“Reward your kid's good behavior. Be as creative as you like with your reward system. Spell out the types of behavior and chores that will be rewarded. Don't forget about your reward system or it won't work. As your children grow up and House Rules evolve, so can the rewards. “ -Nickelodeon Parents Connect
What do rewarding a child and mortgage lending have in common?
Let’s see where I am going with this...
Client segmentation has been a popular topic of discussion amongst our clients lately. Most correspondent investors are already segmenting their customers based on profitability, quality, pull through, and paying their bills on time. Citi Mortgage has its Star Performance Rating System. Bank of America, formally Countywide Funding, has always had customer segmentation and provides benifits to customer based on various behavior and historical performance. Customers with the highest score get rewards: better pricing and better service.

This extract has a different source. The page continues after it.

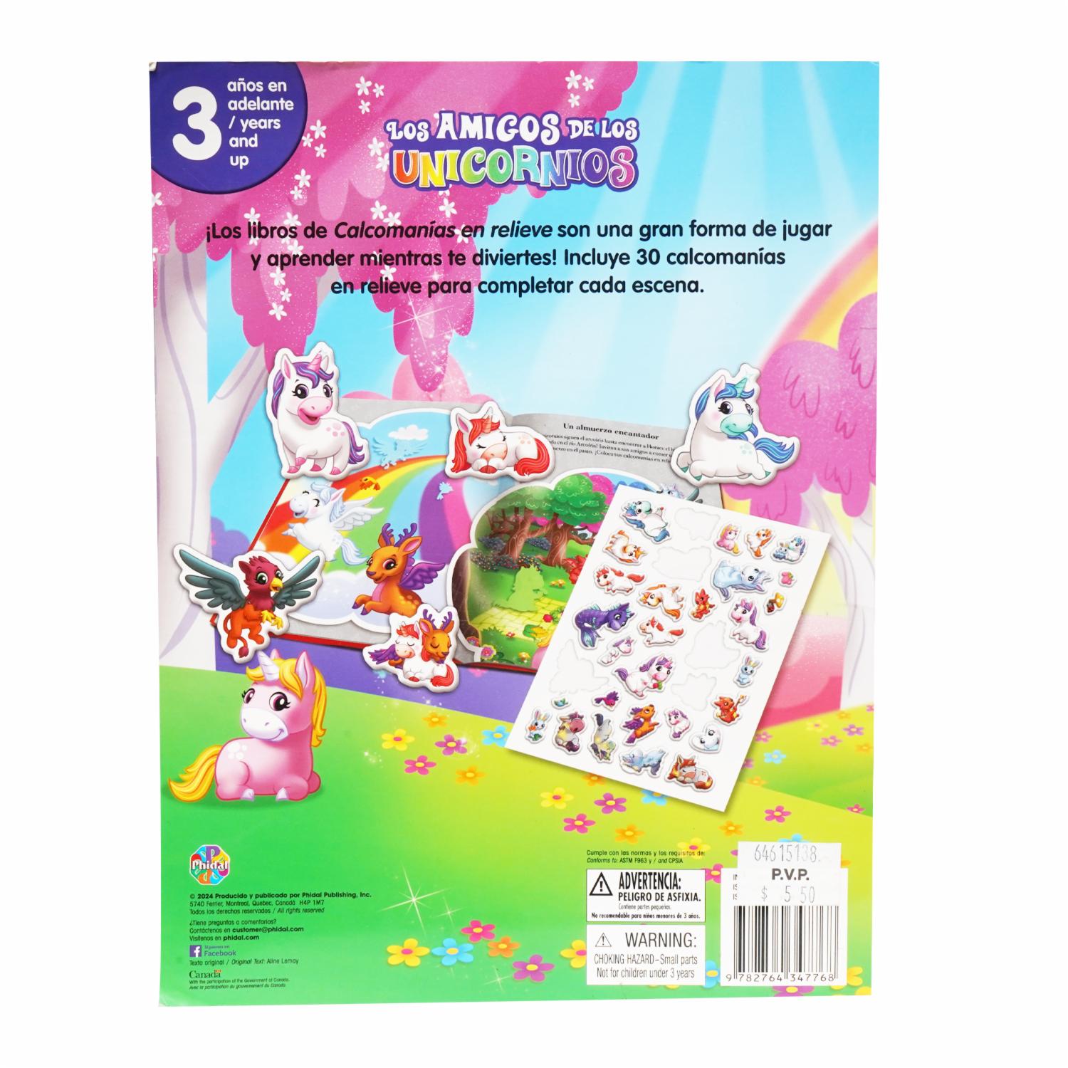 Libro Los Amigos De Los Unicornios Calcomanías En Relieve MR.BOOKS 12 Páginas

Many of our clients are now analyzing third party originators (TPO), branch offices, and loan officers to get a better idea on the overall value they receive from doing business with them. As noted above, the value includes profitability and other key measurements. As with correspondent investors, better customers are getting rewards: better pricing for TPO customers and better commissions for loan officers.
As a top producing loan officer, I would want to work for a company that had this type of reward system in place that would help me generate higher commissions and therefore profits for myself.
Let’s look at the current business environment to see what the drivers and behavior might be to help increase loan officer rewards:
- Originating government loans: It doesn’t take a rocket scientist to figure out that government loans generate much more secondary market gain-on-sale than GSE loans. If you are focused on FHA loans, your loans have much more value than a GSE loan.
- Pull through: A high pull through lowers hedging costs for the secondary marketing manager. If you deliver a high percentage of your locked loans, that helps reduce hedge costs and improve profits.
- Funding Rate: As in number 2 above, high funding rate lowers hedge but it also lowers operational costs. Set up and loan underwriting occur on all loans whether they fund or not. Regardless if the loan funds or not, there is still the cost. If your funding rate is higher, you are assisting the company in increasing its productivity and lowering the cost of origination.
- Loan Repurchase Requests, Early Payment Defaults (EPD) and Early Payoffs (EPOs): Losses resulting from one loan repurchase can wipe out the profits on 50 closed loans. If you don’t have a history of these sorts of events, you provide cost saving value to your company.
Here’s the bottom line: If you are a loan officer that meets the four behavior drivers above, you should be talking to your manager or owner about a better deal. Your behavior, practices and loan products have a high value to your employer. You should be rewarded for your behavior. If you are missing some of the behavior drivers above and want to get higher commissions, start working on these now.
With children, we reward for good behavior. With loan offices and TPO customers, we should expect rewards for our good behavior.